**Problem details:**
In the listing below, find the line with "#gurart #ameliaRT #これでフォロワーさん増えました" and the line with "Too often in", then return them and every line between them exactly, minus the pictures.

**Records supplied:**

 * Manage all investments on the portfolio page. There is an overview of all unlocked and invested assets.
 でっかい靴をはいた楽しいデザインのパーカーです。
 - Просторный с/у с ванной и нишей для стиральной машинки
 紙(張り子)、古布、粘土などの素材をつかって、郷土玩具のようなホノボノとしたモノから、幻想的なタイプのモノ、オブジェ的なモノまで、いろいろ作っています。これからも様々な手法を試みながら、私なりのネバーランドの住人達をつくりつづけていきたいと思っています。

---

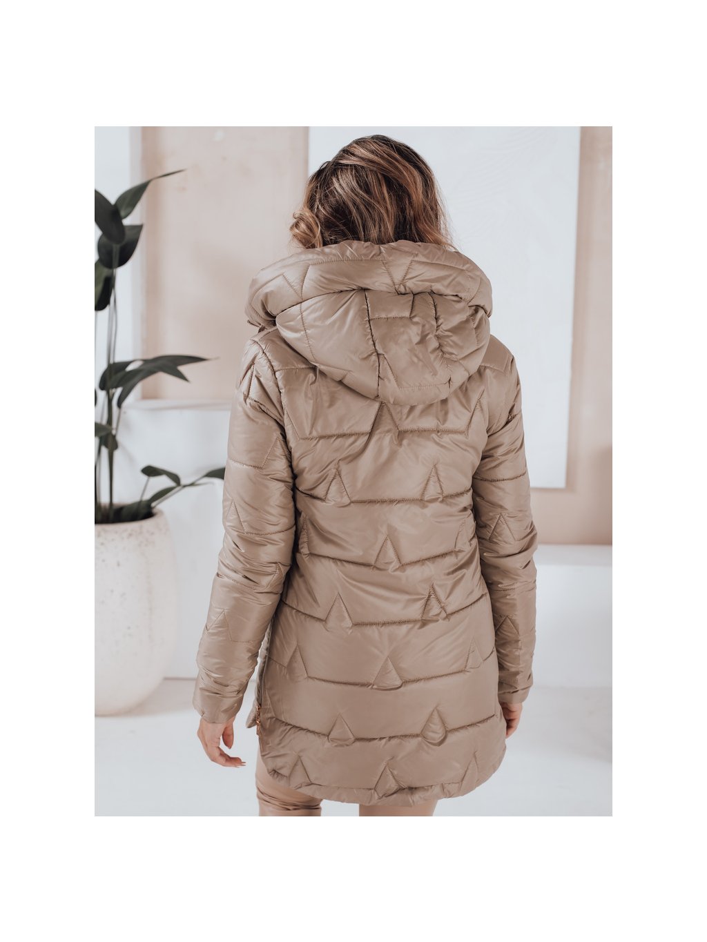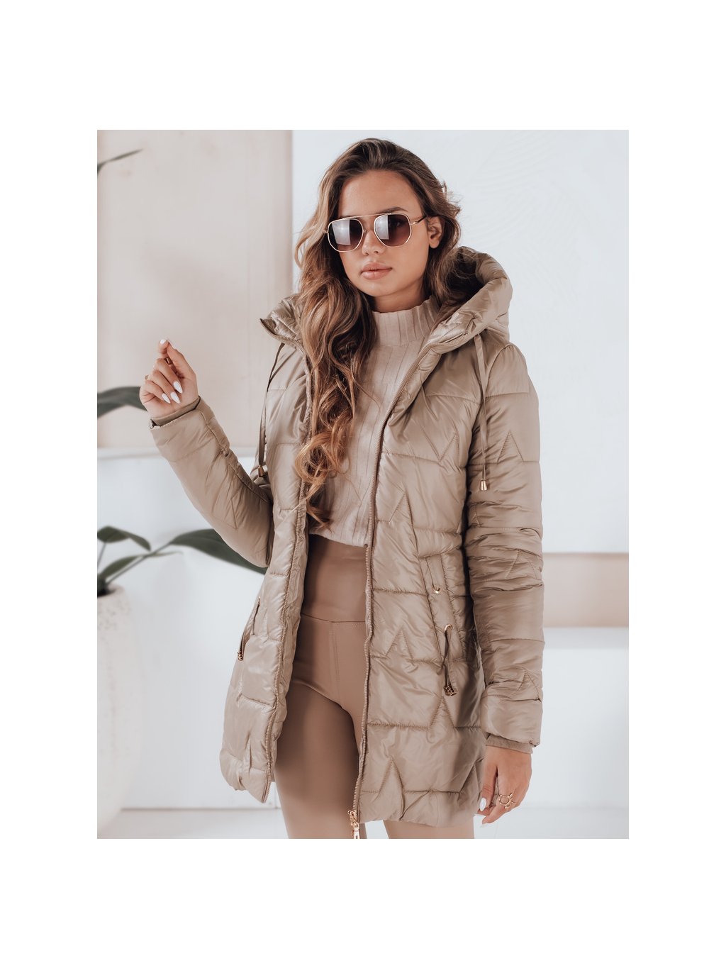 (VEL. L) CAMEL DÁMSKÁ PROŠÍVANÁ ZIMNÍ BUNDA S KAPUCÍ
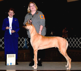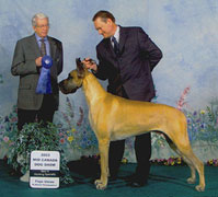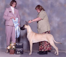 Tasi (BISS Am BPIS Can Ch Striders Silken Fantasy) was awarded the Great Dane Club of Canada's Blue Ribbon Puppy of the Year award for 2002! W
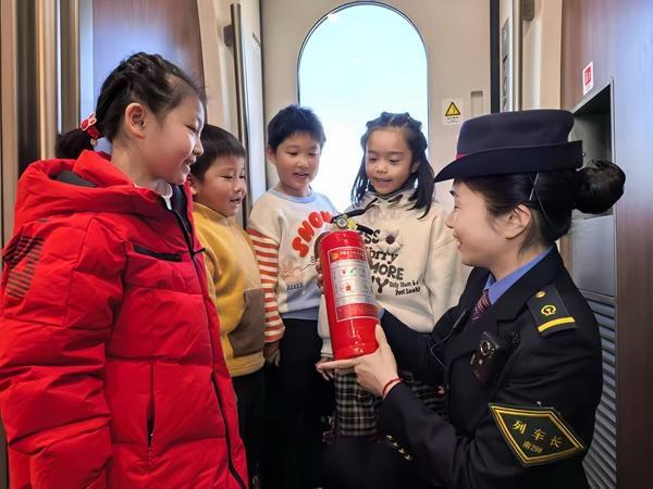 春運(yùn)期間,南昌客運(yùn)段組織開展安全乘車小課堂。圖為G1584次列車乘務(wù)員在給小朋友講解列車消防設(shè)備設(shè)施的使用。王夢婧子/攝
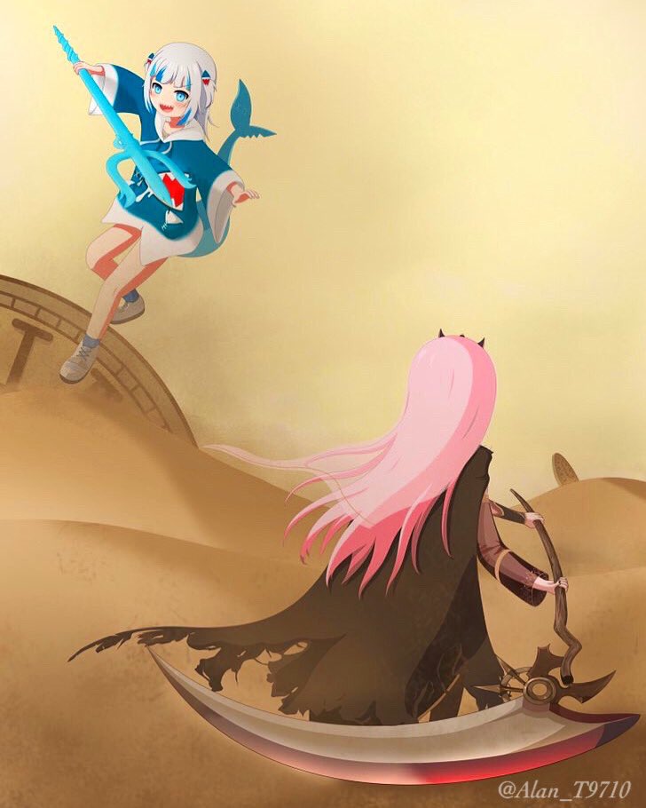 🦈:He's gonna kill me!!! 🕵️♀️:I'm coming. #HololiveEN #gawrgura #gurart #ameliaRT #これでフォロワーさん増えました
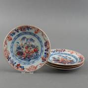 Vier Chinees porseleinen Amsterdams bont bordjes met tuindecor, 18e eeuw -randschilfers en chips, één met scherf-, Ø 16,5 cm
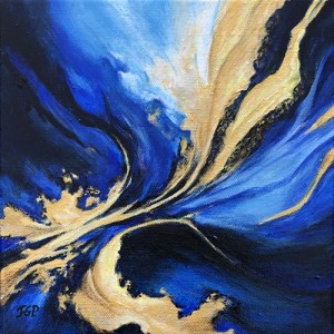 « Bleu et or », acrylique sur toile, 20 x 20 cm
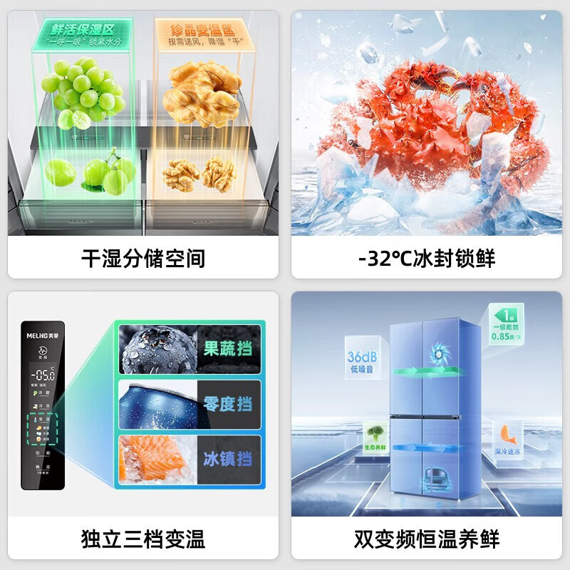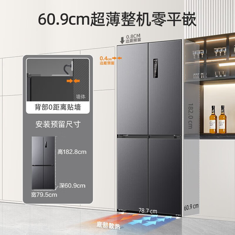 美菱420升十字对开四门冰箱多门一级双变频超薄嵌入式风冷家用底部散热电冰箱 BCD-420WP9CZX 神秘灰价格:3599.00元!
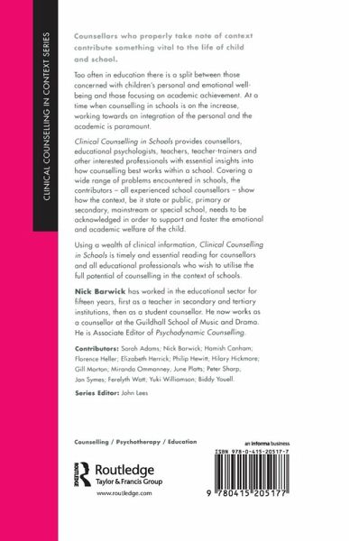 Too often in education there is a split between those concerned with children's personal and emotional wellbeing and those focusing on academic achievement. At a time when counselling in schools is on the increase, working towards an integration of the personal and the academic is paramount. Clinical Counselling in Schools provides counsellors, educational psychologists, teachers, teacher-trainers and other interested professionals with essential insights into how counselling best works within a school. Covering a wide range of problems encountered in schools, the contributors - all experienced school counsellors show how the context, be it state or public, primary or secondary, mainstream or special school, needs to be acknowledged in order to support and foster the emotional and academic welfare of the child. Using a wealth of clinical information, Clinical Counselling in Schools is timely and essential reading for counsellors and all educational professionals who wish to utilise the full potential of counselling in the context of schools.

**Task result:**
 🦈:He's gonna kill me!!! 🕵️♀️:I'm coming. #HololiveEN #gawrgura #gurart #ameliaRT #これでフォロワーさん増えました
 Vier Chinees porseleinen Amsterdams bont bordjes met tuindecor, 18e eeuw -randschilfers en chips, één met scherf-, Ø 16,5 cm
 « Bleu et or », acrylique sur toile, 20 x 20 cm
 美菱420升十字对开四门冰箱多门一级双变频超薄嵌入式风冷家用底部散热电冰箱 BCD-420WP9CZX 神秘灰价格:3599.00元!
 Too often in education there is a split between those concerned with children's personal and emotional wellbeing and those focusing on academic achievement. At a time when counselling in schools is on the increase, working towards an integration of the personal and the academic is paramount. Clinical Counselling in Schools provides counsellors, educational psychologists, teachers, teacher-trainers and other interested professionals with essential insights into how counselling best works within a school. Covering a wide range of problems encountered in schools, the contributors - all experienced school counsellors show how the context, be it state or public, primary or secondary, mainstream or special school, needs to be acknowledged in order to support and foster the emotional and academic welfare of the child. Using a wealth of clinical information, Clinical Counselling in Schools is timely and essential reading for counsellors and all educational professionals who wish to utilise the full potential of counselling in the context of schools.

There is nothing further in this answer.